From: Jacob Bachmeyer
Subject: Re: Replace HTML4 doctype declaration
Date: Sat, 18 Dec 2021 20:01:50 -0600
User-agent: Mozilla/5.0 (X11; U; Linux x86_64; en-US; rv: Gecko/20090807 MultiZilla/ SeaMonkey/1.1.17 Mnenhy/

Gavin Smith wrote:
On Fri, Dec 17, 2021 at 09:08:24AM +0900, Jean-Christophe Helary wrote:
Is there a place *now* where HTML4 is a requirement ? HTML5 is the only 
*current* standard and does not specifically target web applications.

We output HTML4 to get some flexibility in the output, but I am not sure
how useful the HTML4 doctype declaration is any more and perhaps we should
switch to the simpler HTML5 "<!DOCTYPE html>" header.  It looks like we are
trying to conform to a standard that nobody cares about anymore.

Does anybody object if I go and change texi2any to output this instead of
the HTML4 Transitional doctype?

As far as I remember the main difference is the use of the <tt> tag which
has been removed from the standard, but I am sure there are other usages
too.  It will have been discussed on this list before.

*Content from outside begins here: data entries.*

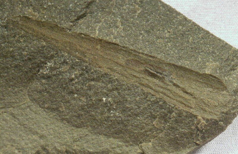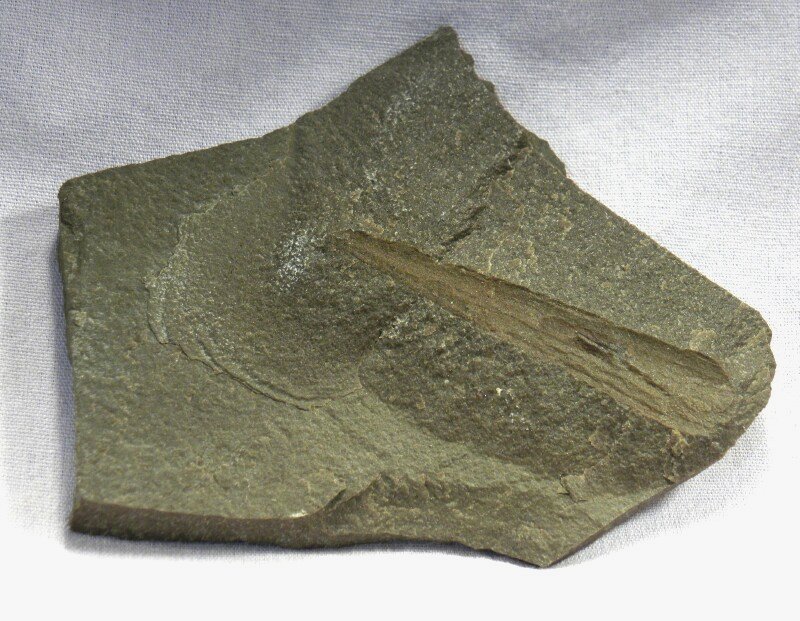 Nautiloidea indetPhylum Mollusca, Class Cephalopoda, Subclass Nautiloidea, Order Nautilida Geological Time: Mississippian (~320 m.y.a.) Size (25.4 mm = 1 inch): Fossil is 45 mm long by 10 mm across Matrix: 60 mm by 60 mm Fossil Site: Heath Shale Formation, Bear Gulch Limestone, Fergus County, Montana Code: BGF459 Price: $45.00 |
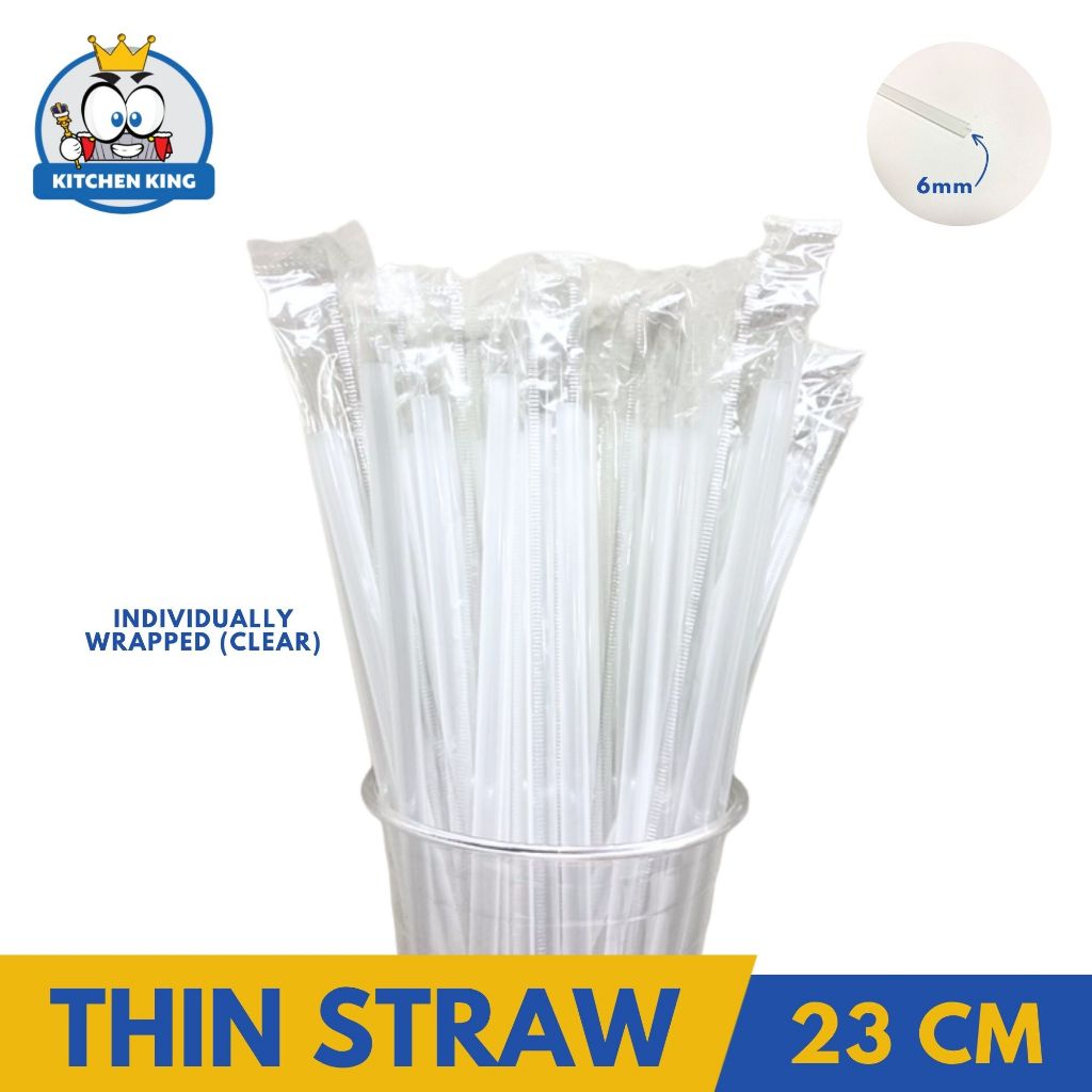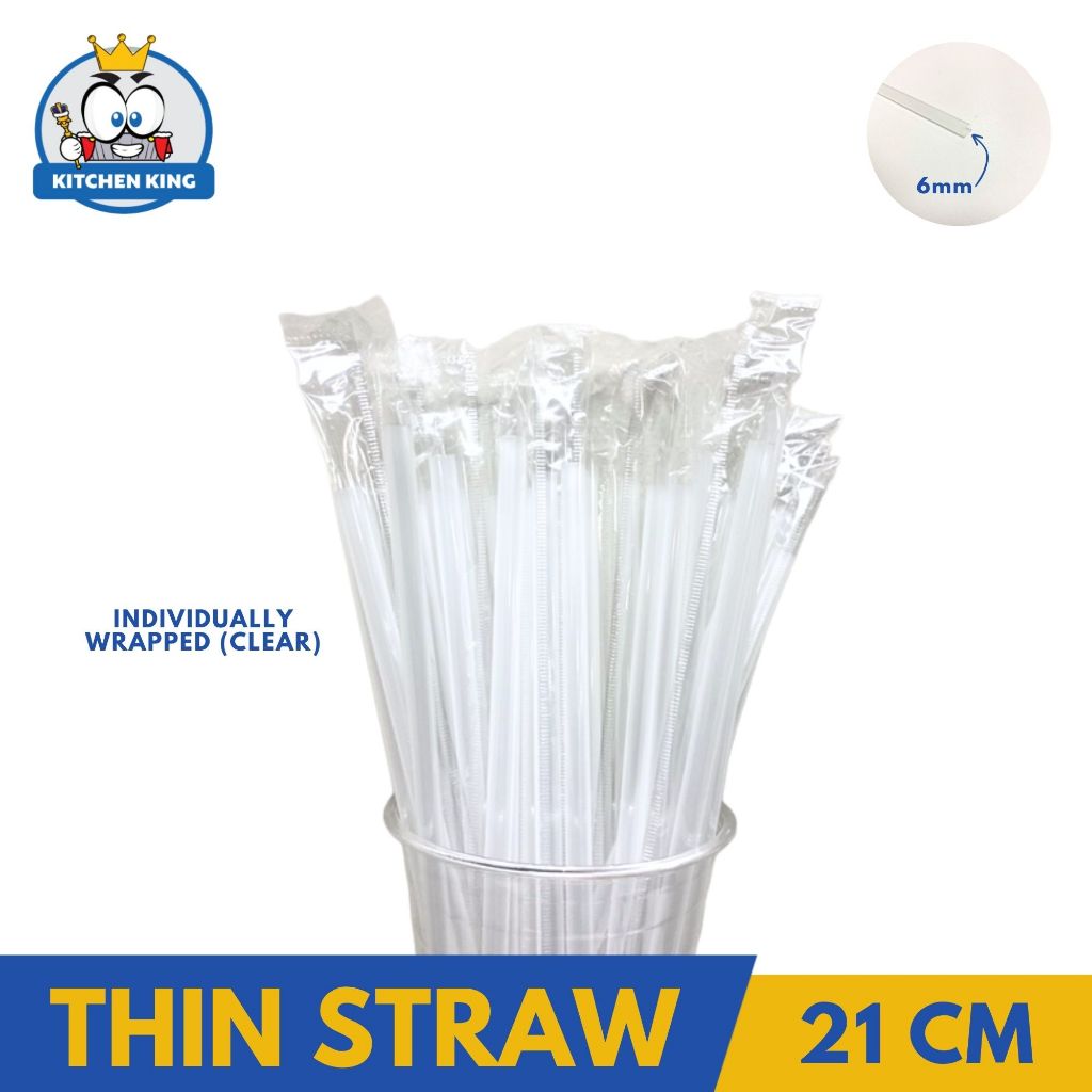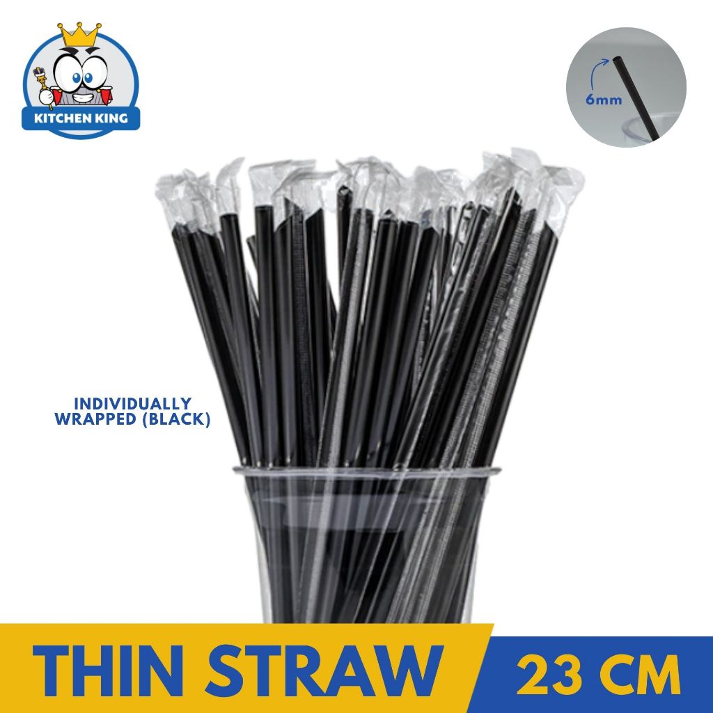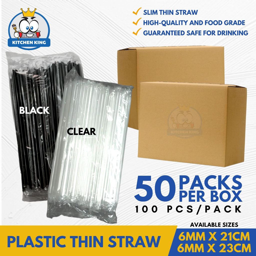 50 PACKS/BOX - Plastic Thin Straw 6MM X 21CM / 23CM - CLEAR / BLACK [Individually Packed By 100's]
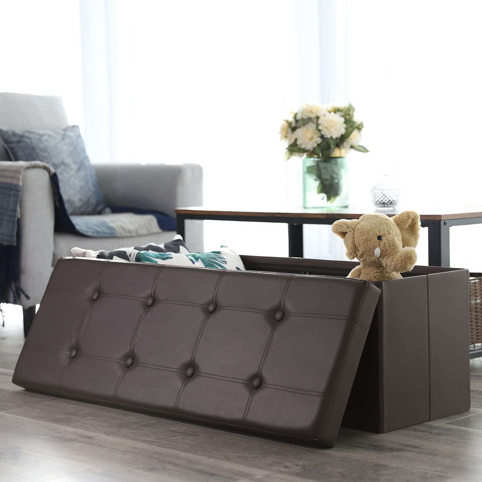 Ar visada reikia daugiau vietos saugykloje? Ar jums niekada neužtenka vietų lankytojams? Jums tikrai patiks sulankstoma Songmics laikymo kėdė. Ji ne tik siūlo sėdėjimo vietą iki trijų žmonių, bet ir turi didelę erdvę įvairiems daiktams, pavyzdžiui, žurnalams, gyvūnų iškamšoms, DVD, drabužiams ir kt. Ši kėdė gali būti naudojama kaip suoliukas, taburetė ir kt. Dėl sulankstymo funkcijos, daiktą taip pat galima sudėti, kad sutaupytumėte vietos, kai jis nenaudojamas. Be to, Songmics sėdynės krūtinė yra gerai pagaminta, visos siūlės tvarkingai susiūtos. Tai tikras vietos taupymas!
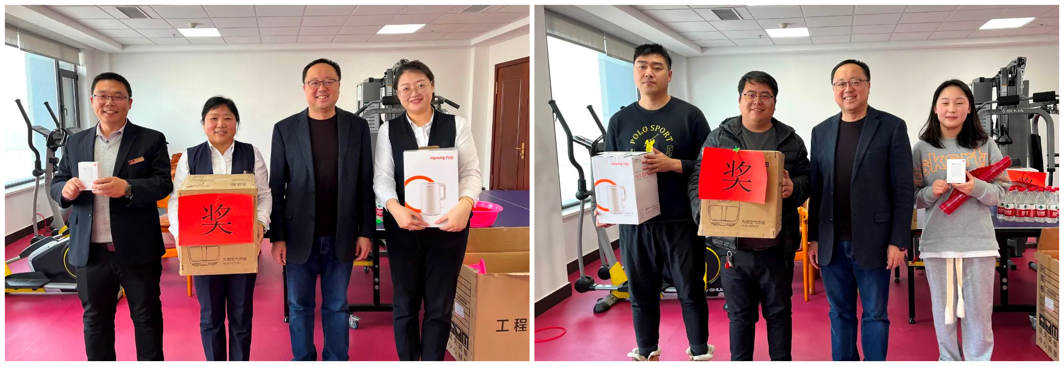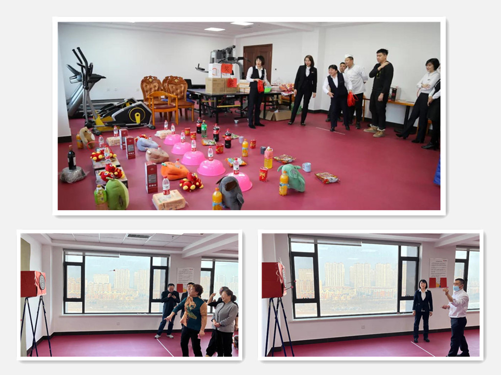 套圈活動現場,福字、春聯、飲料、保溫杯、抱枕、餐具套裝等等,還有價值2000元的紅酒,隨著一聲聲歡呼,參加活動的同事滿臉笑容的一堆堆套走。飛鏢靶前,屏氣凝神,大家為投手吶喊助威。
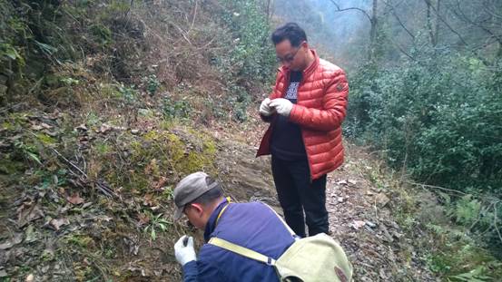 公司總工程師王義忠和總工辦主任涂宏一行,在寧強中壩子項目負責陪同下,從中壩子村移民新區出發,沿著崎嶇的山路,一路翻過5道梁,越過4條溝;穿青岡林,爬茅草坡;穿過幽靜的小溪,爬過羊腸小路的陡峭,身上的衣服濕了又干,干了又濕,歷時4個小時,上到相對高差300米的龍洞渠溝頭的大梁,追索寧強中壩子項目在后期工作中發現的重晶石礦點。
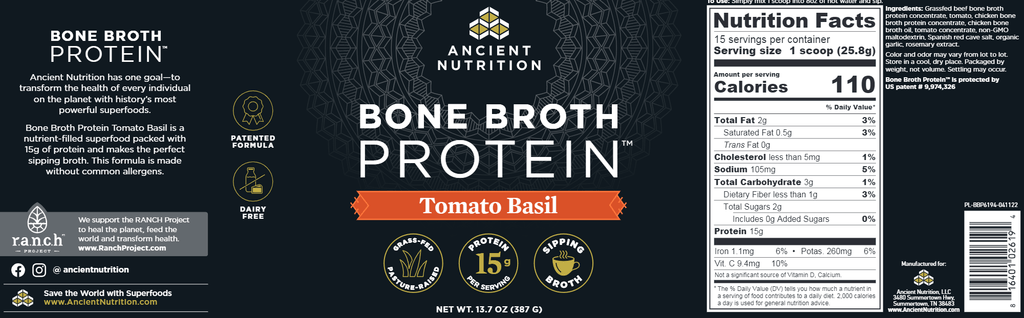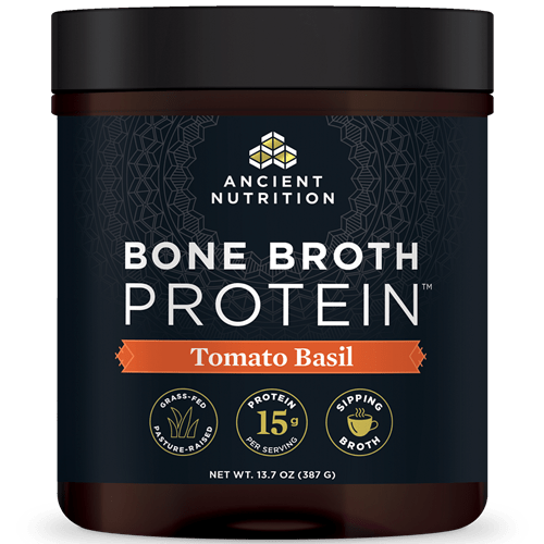 Introducing Ancient Nutrition Bone Broth Protein Tomato Basil—a superfood protein powder with body-supporting protein and more! It’s made from real beef bone broth and chicken bone broth.
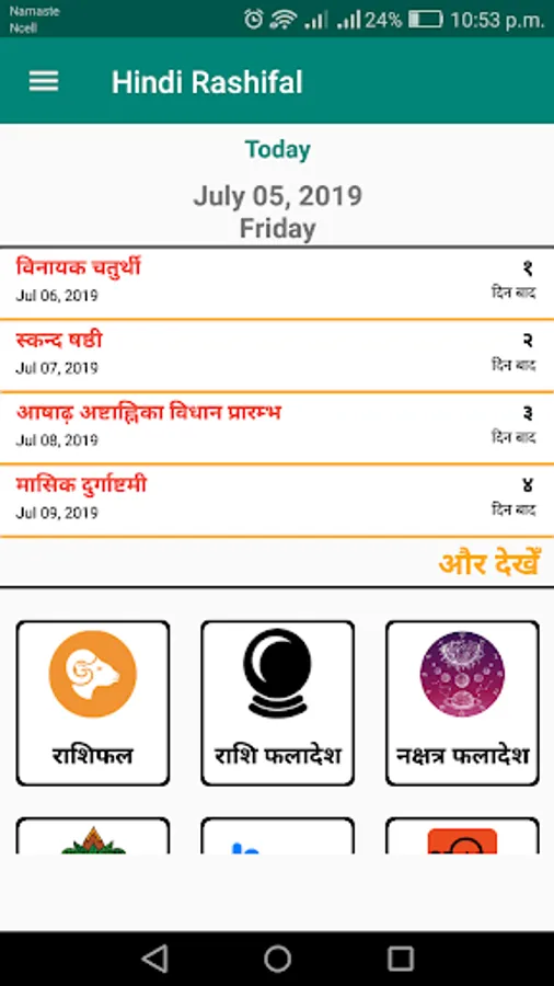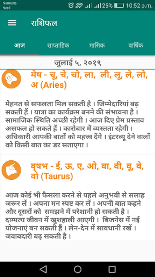 Know your Daily, Weekly, Monthly and Yearly Rashifal Just by installing "Hindi Rashifal” and take advantage of astrology in your daily life. Here you can get information about Daily Rashifal (Daily Horoscope), Rashi Faladesh, Nakshatra Fal, Muhurat, Swapna Phal, Vrat Vidhi, Graha Dasha, Useful Mantra, Jyotish Tips and Upavas and Festivals.
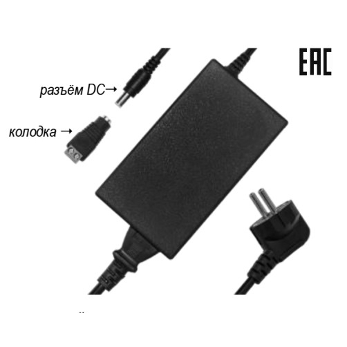 Подключение нагрузки осуществляется через DC-разъём или соответствующим кабелем через штатную двухконтактную клеммную колодку с соблюдением полярности, которая указана на клеммной колодке
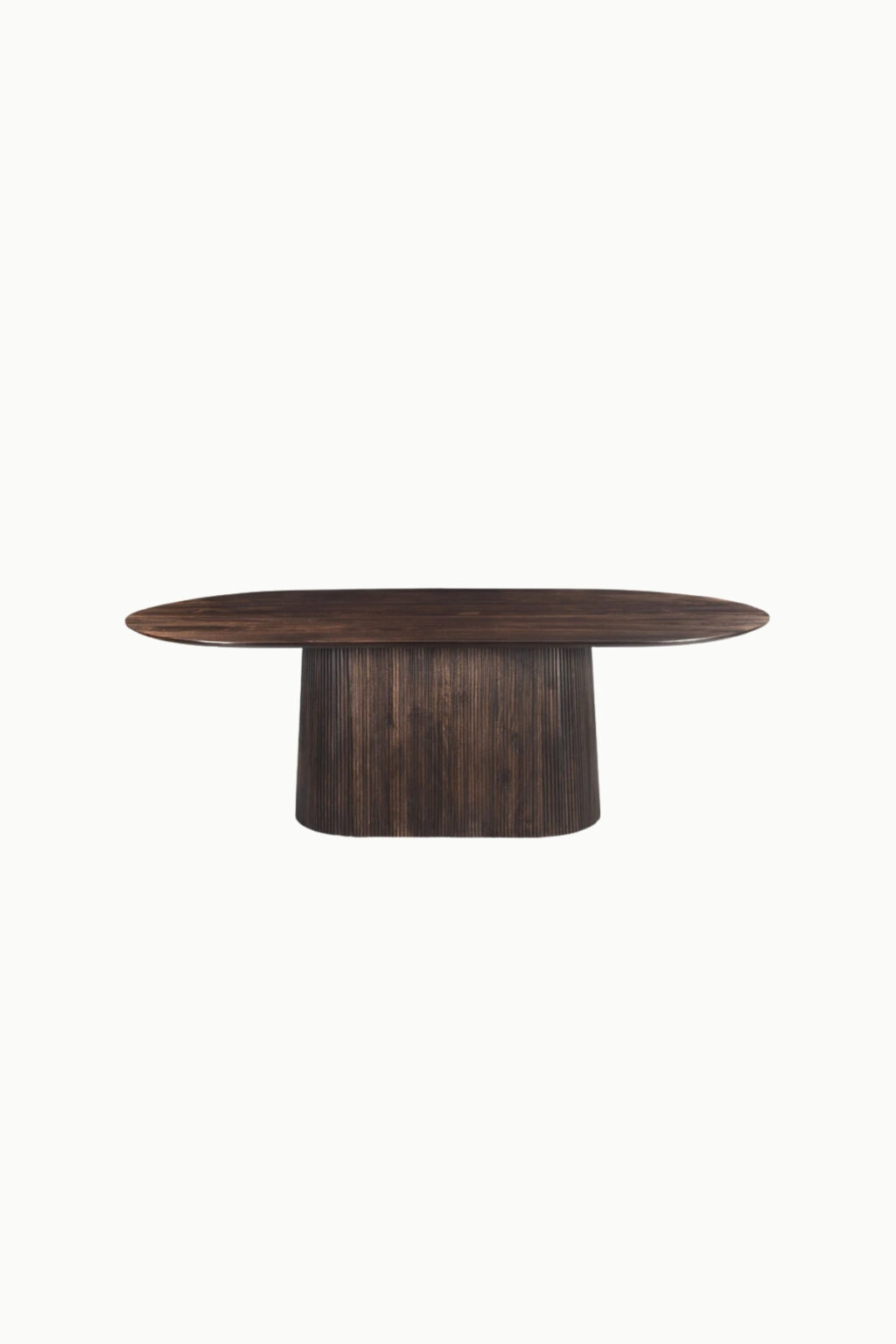 Entièrement conçue en bois de manguier, la table gina repose sur un piètement central cannelé au dessin vertical affirmé, visible sur la photo. Ce socle plein confère à la table une excellente stabilité tout en renforçant son caractère architectural. Le plateau ovale, aux lignes nettes et équilibrées, met en valeur le veinage naturel du bois et sa teinte profonde. L’ensemble crée une esthétique sobre et sophistiquée, parfaitement en phase avec les intérieurs contemporains, minimalistes ou d’inspiration japandi.

The GNU project's attitude to standards applies here:


"The GNU Project regards standards published by other organizations
as suggestions, not orders. We consider those standards, but we do
not “obey” them. "

I would suggest staying with HTML4; it is upwards compatible in that an HTML5 parser should generally be able to read it, and the HTML4 DOCTYPE actually declares a version, instead of the "eternal now" HTML5 uses. That may be suitable for shiny Web apps that change day-by-day and are always loaded from the cloud, but an actual fixed version is much better for documentation, which may be read from an archive years from now. There will be no question as to the correct interpretation of an HTML4 document, ever, while HTML5's versionless declaration leaves open future questions of "now which version of HTML5 is this?".

I cite the GNU project's official attitude towards standards in arguing to reject the deprecation of HTML4. At most, we might want to move towards emitting valid "strict" HTML4.01, which is more of a semantic markup than the "transitional" form.